Transcribe word for word the section of the records below that opens with the line containing "Attach to steering" and closes with the line containing "立派な秋鮭に具だくさんなパスタ😍✨"; drop every picture.

» MATERIAL SHOWN:
>>
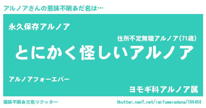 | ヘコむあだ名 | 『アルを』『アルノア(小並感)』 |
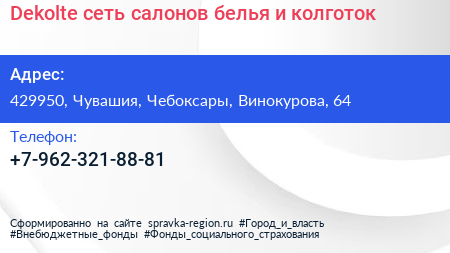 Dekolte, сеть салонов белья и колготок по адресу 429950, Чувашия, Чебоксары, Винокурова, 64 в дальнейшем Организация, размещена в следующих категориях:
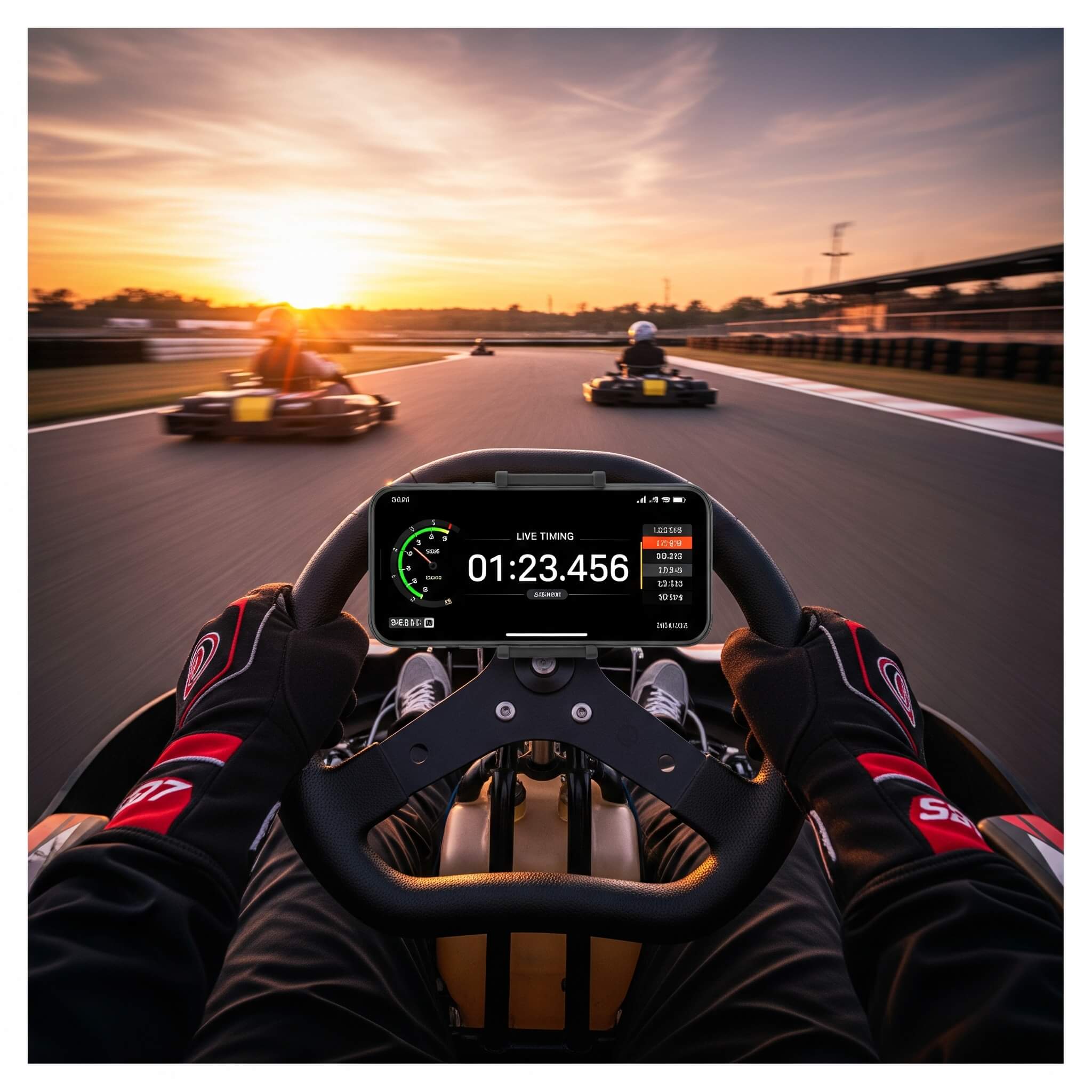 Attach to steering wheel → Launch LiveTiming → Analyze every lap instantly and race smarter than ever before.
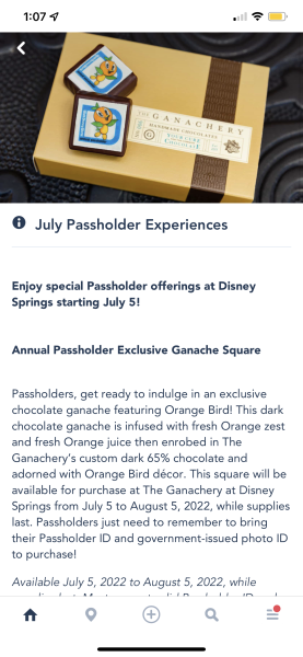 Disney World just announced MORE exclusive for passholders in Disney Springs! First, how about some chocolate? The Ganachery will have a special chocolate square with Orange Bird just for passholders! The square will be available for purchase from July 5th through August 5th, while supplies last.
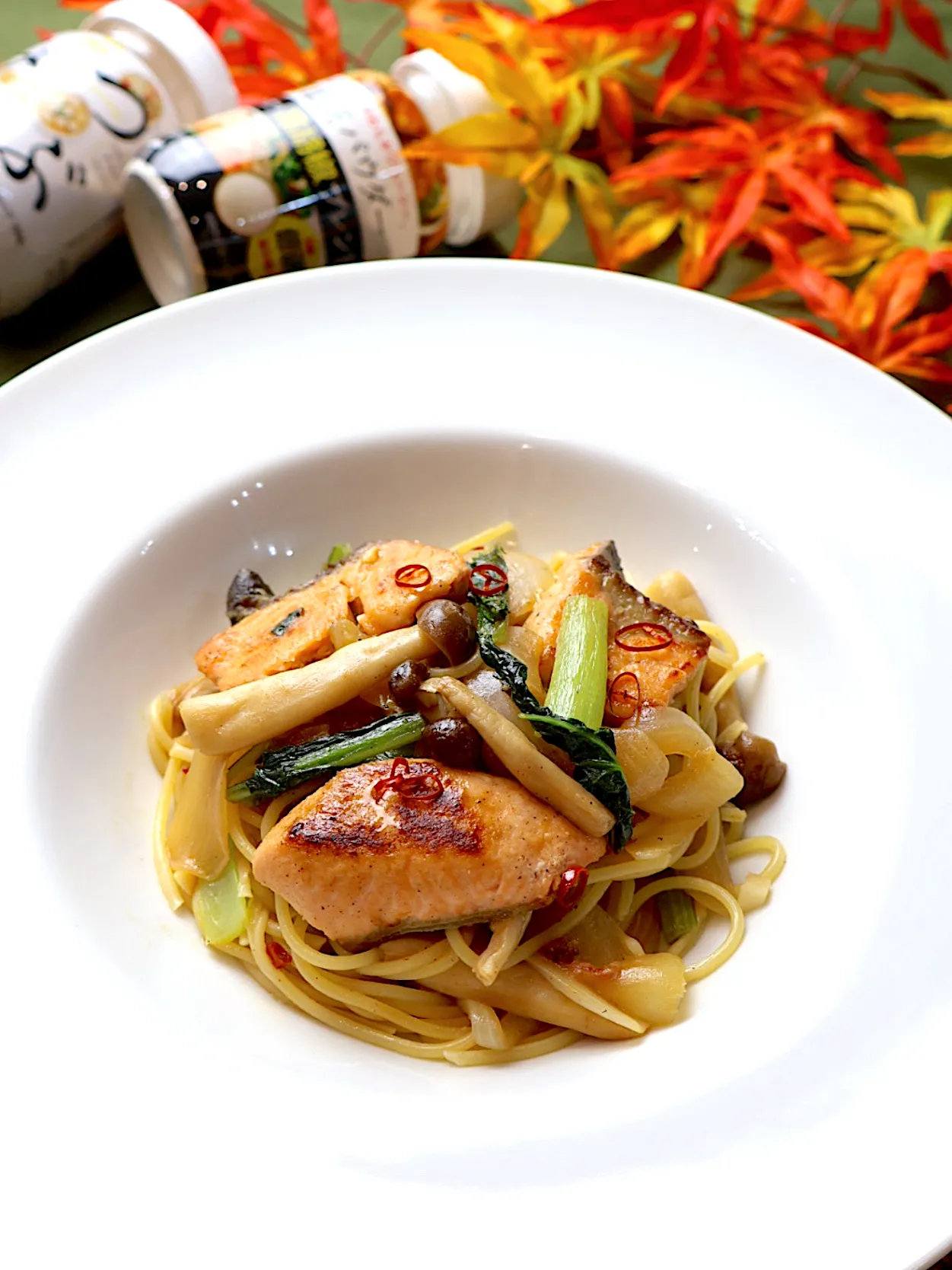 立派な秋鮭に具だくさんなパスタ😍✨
<<
>>
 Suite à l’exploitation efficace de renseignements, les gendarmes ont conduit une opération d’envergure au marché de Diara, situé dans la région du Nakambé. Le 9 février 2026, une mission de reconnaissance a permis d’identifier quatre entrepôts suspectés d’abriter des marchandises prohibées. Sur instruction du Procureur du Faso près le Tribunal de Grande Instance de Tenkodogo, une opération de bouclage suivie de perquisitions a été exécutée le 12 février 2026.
<<
>>
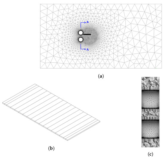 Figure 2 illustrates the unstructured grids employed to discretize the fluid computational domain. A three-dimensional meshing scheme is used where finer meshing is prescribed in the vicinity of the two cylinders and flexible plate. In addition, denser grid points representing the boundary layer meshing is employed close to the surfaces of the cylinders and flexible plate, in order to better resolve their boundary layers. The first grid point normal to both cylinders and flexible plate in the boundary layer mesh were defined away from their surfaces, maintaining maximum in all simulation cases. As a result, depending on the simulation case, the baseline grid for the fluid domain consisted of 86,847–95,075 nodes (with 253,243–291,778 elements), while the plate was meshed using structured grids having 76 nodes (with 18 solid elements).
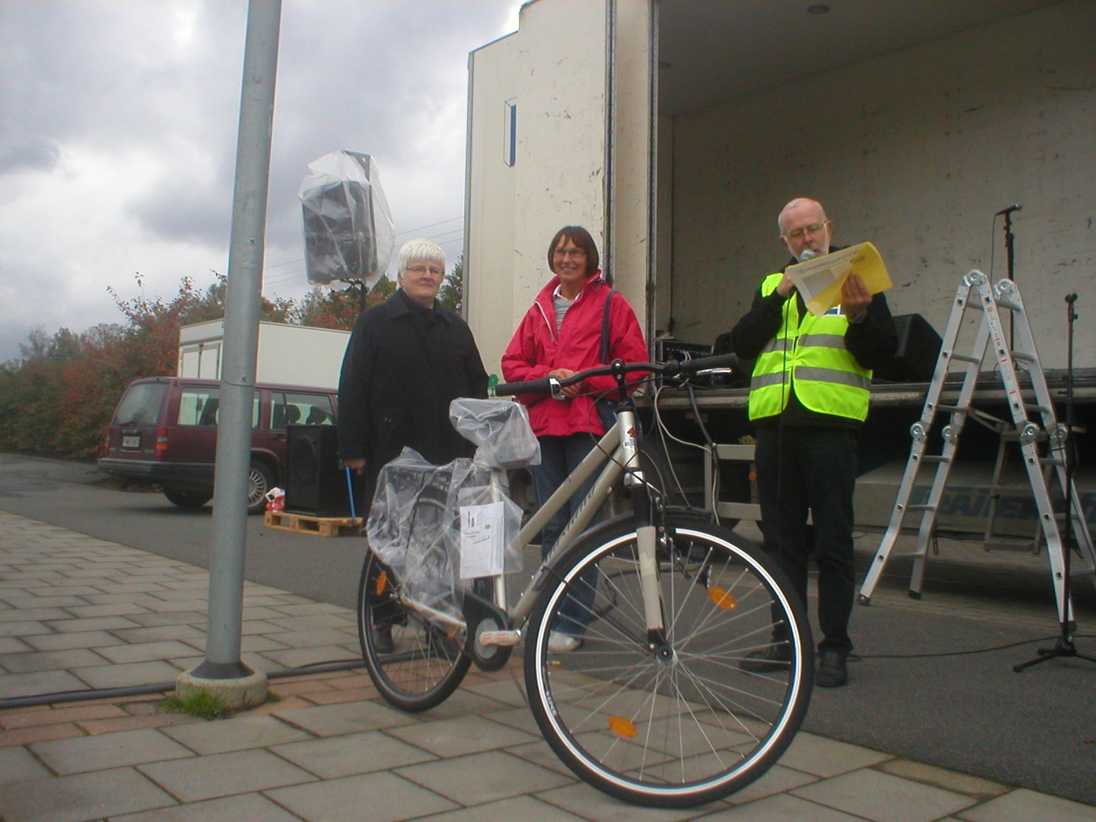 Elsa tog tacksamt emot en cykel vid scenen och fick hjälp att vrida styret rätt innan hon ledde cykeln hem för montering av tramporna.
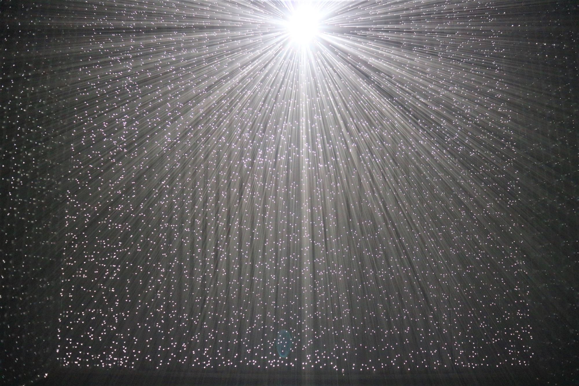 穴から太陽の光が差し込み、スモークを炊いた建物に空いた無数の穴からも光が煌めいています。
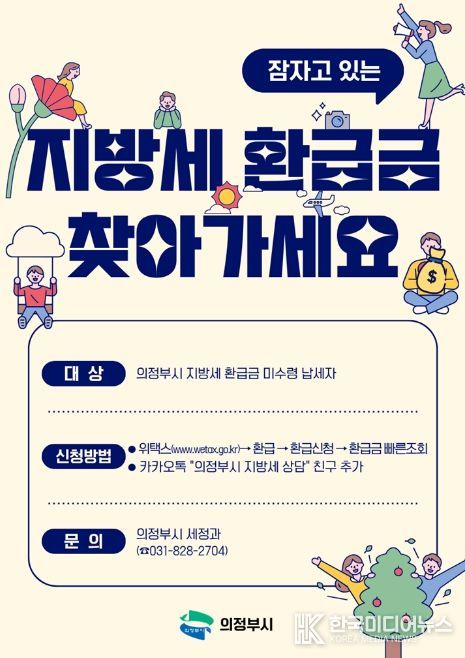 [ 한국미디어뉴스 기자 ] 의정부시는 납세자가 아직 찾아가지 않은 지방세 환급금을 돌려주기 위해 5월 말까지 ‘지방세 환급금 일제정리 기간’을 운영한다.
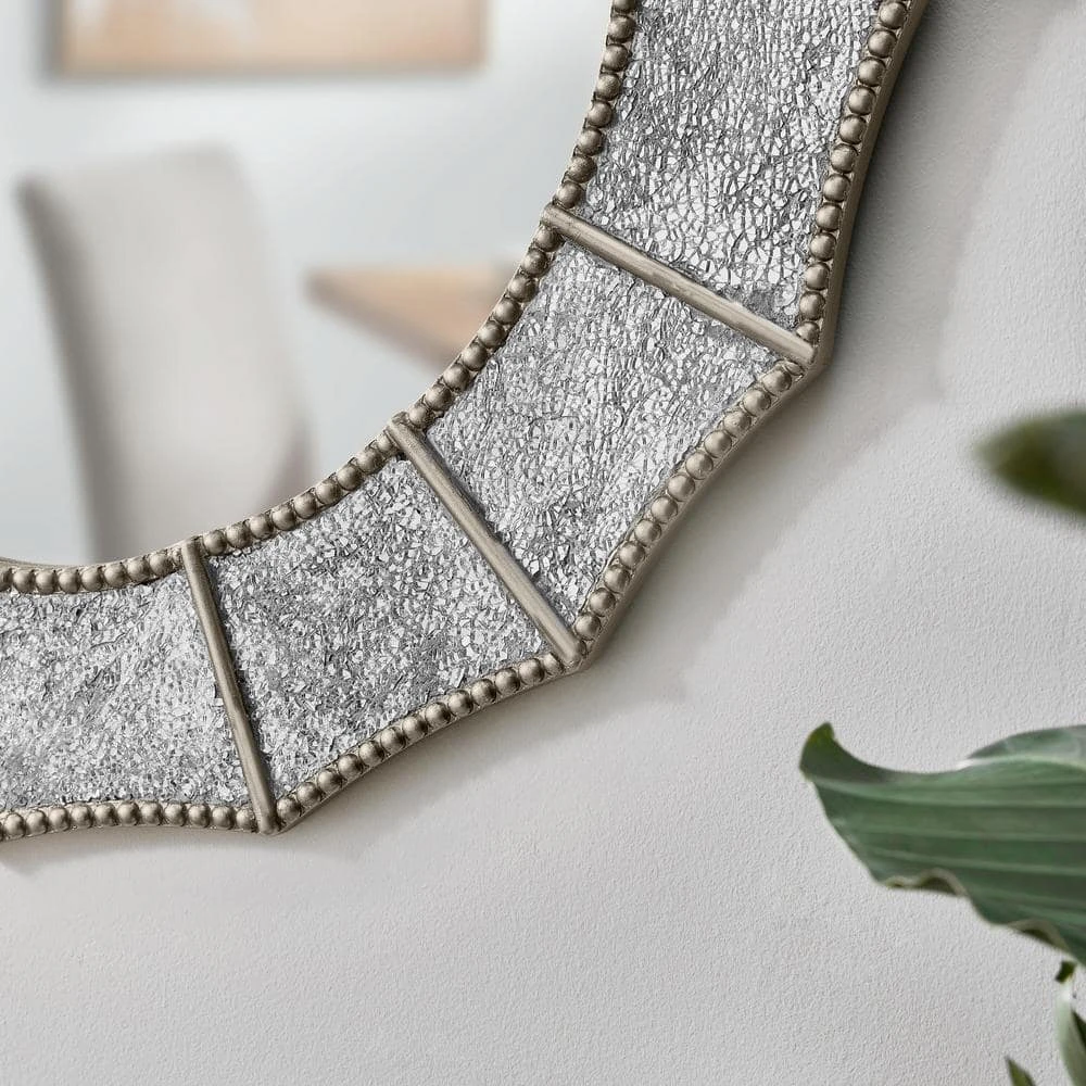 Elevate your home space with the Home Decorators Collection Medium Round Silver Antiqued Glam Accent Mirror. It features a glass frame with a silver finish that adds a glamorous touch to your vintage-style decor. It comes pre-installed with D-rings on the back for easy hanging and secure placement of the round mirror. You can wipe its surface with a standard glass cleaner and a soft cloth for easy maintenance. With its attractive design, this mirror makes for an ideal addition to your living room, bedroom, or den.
<<
» TASK OUTPUT:
 Attach to steering wheel → Launch LiveTiming → Analyze every lap instantly and race smarter than ever before.
 Disney World just announced MORE exclusive for passholders in Disney Springs! First, how about some chocolate? The Ganachery will have a special chocolate square with Orange Bird just for passholders! The square will be available for purchase from July 5th through August 5th, while supplies last.
 立派な秋鮭に具だくさんなパスタ😍✨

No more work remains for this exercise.